9 Surprising Things You Should Never Throw in the Washing Machine


Imagine not having a washing machine and having to wash all your things by hand! If you’re not careful with what you put inside your washer, you might end up doing just that. That’s because there are some items that can get damaged when put in the washer, not to mention that they can damage the machine itself!

If you want to keep your washing machine intact, here’s a list of things you should never put in the washing machine as well as a few things it’s ok to clean in the washer.


Items to keep out of the washing machine


Swimsuits might have been created to be worn in the water but when it comes to washing them, they haven’t been designed to be put in the washing machine. The reason you should keep your swimsuits out of the washing machine is that the hot water can make them lose their elasticity much faster. Don’t be surprised if the next time you put your swimsuit on, it looks anything but flattering on your body.

According to Leanne Stapf, chief operating officer at The Cleaning Authority, the materials that swimsuits are made of are usually nonresistant to heat,” therefore, hand washing is the best way to clean them.


Items covered in pet hair

You might love your pets to the moon and back but it sure is annoying to have all your clothes covered in their fur. Dog hair, which is thicker than cat hair, is one of the most common causes of clogging of washing machine drains. “The pet hair clumps up and causes a stoppage, so the water doesn’t drain from the barrel like it should,” warns Audrey Monell, president of Forrest Anderson Plumbing and AC in Glendale, AZ.

To avoid an unwanted problem, remove the pet hair on your clothes with a lint roller before putting them inside the washing machine. Or, you could buy or adopt one of these 7 Low-Energy Dogs That Don’t Shed.

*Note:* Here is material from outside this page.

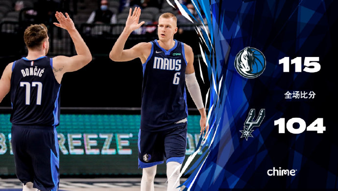 独行侠115-104力克马刺迎4连胜 东契奇22+12+12 德罗赞30+11
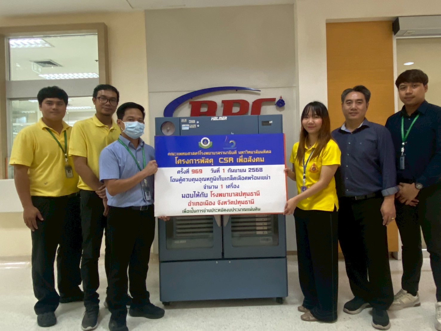 โครงการพัสดุ CSR ครั้งที่ 969 โอน ตู้ควบคุมอุณหภูมิเก็บเกร็ดเลือดพร้อมเขย่า จำนวน 1 เครื่อง มอบให้กับ โรงพยาบาลปทุมธานี อำเภอเมือง จังหวัดปทุมธานี ในวันที่ 1 กันยายน 2568 เวลา 13.30 น.

Items stained with flammable liquid

I know the first thing on your mind when dealing with a clothing item stained with gasoline, motor oil, or cooking oil, is to put it inside the washing machine and let it do its magic. But, in reality, it’s not the brightest idea. Unless you want to wake up with an explosion or a fire on your hands.

If you accidentally spill something flammable on your clothes, just “use a solvent-based stain remover and let it sit for 10 minutes before hand-washing the item,” recommends Doug Rogers, president of Mr. Appliance. For everyone’s safety.



Bras are delicate and definitely no match for a washing machine. Apart from destroying the bra’s underwire, the undergarment’s hooks can snag other pieces of laundry and seriously damage them during the washing cycle.

More than that, “bras get easily stretched out, but an unfastened bra hook can easily get caught in the machine’s cylinder, or agitator,” warns Rogers. If you don’t want to ruin your finest lingerie items, hand-wash them or put them in a garment bag during a delicate wash cycle.


Unprepared zippers and buttons

Many of our clothes have all sorts of zippers and buttons. These can certainly go in the washing machine but on one condition: they need to be closed. Otherwise, expect some major damage to the other clothing items invited to the party.

“Zippers can easily snag delicate clothing or scratch the inside of the washer, so it’s important to make sure all jeans and other clothing items are zipped all the way up,” Stapf says. When it comes to buttons, it’s also important to close them as the buttonholes can tear during the wash cycle.


King-size comforters

These items are usually too big to be placed inside standard washing machines and forcing them inside can “cause the water to overflow and the washing machine to break,” says Monell. Not to mention the comforter will remain just as dirty as it was when you first put it inside.

Instead, she suggests going to the local laundromat and use their industrial-size machines. These are generally big enough to wash almost anything, including king-size comforters. Try this option and save the money you would spend on a new comforter and possibly a new washing machine.


Indoor rugs or mats

The mats you keep at the entry function as an intermediate area between the outside and the inside aka your house. This means your mats are the first things you touch when you enter your home and the first ones to catch the mud, dirt, and everything else you bring on your shoes.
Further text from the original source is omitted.